There are several studies that have investigated the effects of TiB2 particles on Mg alloys, either isolated or in master alloys. The research usually reports success in the refinement of the Mg grains with little mention of any influence on the secondary phase distribution. For example, Elsayed et al. [23] examined the effect of Al–5Ti–1B and Al–5Ti–3B master alloys on the grain size of AZ91E Mg alloy. The researchers observed that the optimal addition level of Al–5Ti–1B was 0.1 wt%, which led to a decrease in grain size from 1000 to 323 µm (68% decrease). This result was attributed to TiB2 particles that was formed in situ and acted as both heterogeneous nucleation sites and grain growth restrictors. Similarly, they observed that the ideal addition level of the Al–5Ti–3B refiner was 1.0 wt%, which decreased the grain size from 1000 to 361 µm (64% reduction). Elsayed et al. suggested that the addition of Al–5Ti–3B led to the formation of TiB2 as well as AlB2 particles, and both acted as heterogeneous nucleation sites for the Mg crystals. According to Suresh et al. [24], AlB2 has an HCP structure with lattice parameters of a = 0.301 nm and c = 0.325 nm, which are very similar to that of Mg. Suresh et al. calculated the disregistry between AlB2 and Mg to be 6.09%, which is slightly above the very effective range. Hence, it is the authors’ opinion that in the study by Elsayed et al., some of the more potent TiB2 particles have got replaced by less effective AlB2 particles, which may have led to the slightly coarser grain sizes. Further investigation is required to validate this hypothesis.
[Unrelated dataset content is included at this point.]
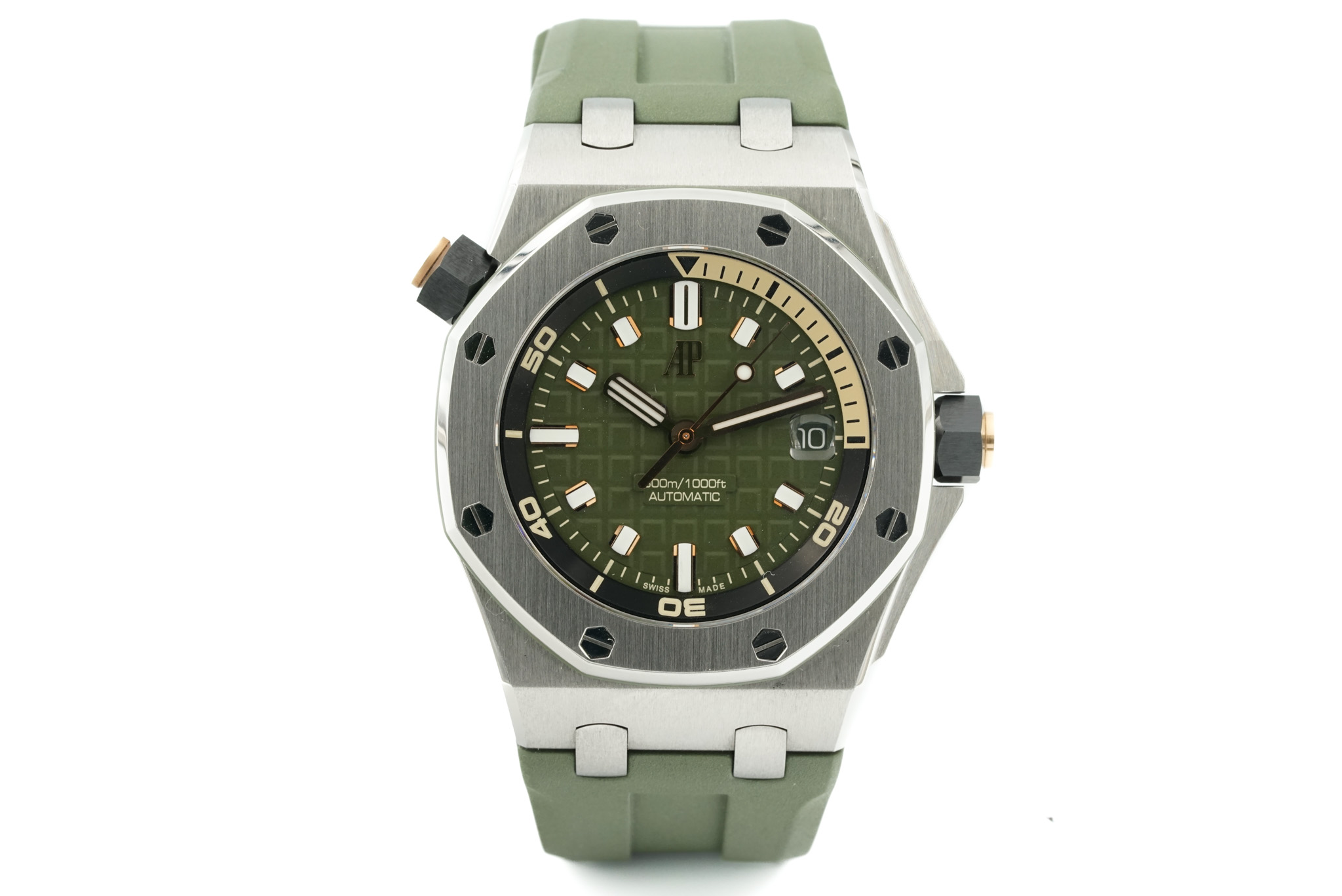 This Audemars Piguet Royal Oak Offshore 15720ST.OO.A052CA.01 has a green dial and a rubber strap. This Audemars Piguet has undergone a thorough inspection of accuracy, functionality and condition at our Audemars Piguet certified service centre to determine the level of reconditioning required to meet our strict standards. It has also been checked against our records to ensure authenticity. Our watches have a 24-month warranty for your peace of mind, in conjunction with any remaining manufacturer’s warranty from new or from service.

Although no evidence of secondary phase segregation was found in the study performed by Elsayed et al., preferential nucleation is still possible given sufficient lattice matching. Thus, in the selection of an inoculant, it is suggested that the crystallography of all phases in the microstructure should be evaluated.

5 Conclusion

The lattice disregistry between Mg and SiC, TiC and TiB2 substrates was calculated using the planar disregistry model proposed by Bramfitt as 2.35%, 4.67% and 5.27%, respectively. The disregistry values were then compared to experimental results from the literature. The following conclusions could be drawn from this study:

  1. 1.

    The planar disregistry model is a simple and effective method for choosing potential inoculants. Although the model does not take into consideration all the factors that lead to a potent nucleant, it can aid in selecting potential candidates in a quick and efficient manner.

  2. 2.

    The chemical stability of an identified potential refiner in the host matrix must be examined prior to inoculation to avoid detrimental reaction products.

  3. 3.

    The P2PM model overcomes the one-dimensional limitations of linear disregistry models. Hence, it is effective in predicting the nucleating potential of matrix-substrate combinations with dissimilar atomic arrangements.

  4. 4.

    Inhomogeneous secondary phase distribution is known to hinder mechanical properties. If adequate lattice matching exists between an inoculant and a secondary phase, preferential nucleation of the secondary phase on the inoculant may be possible. Further research is required to experimentally verify this possibility.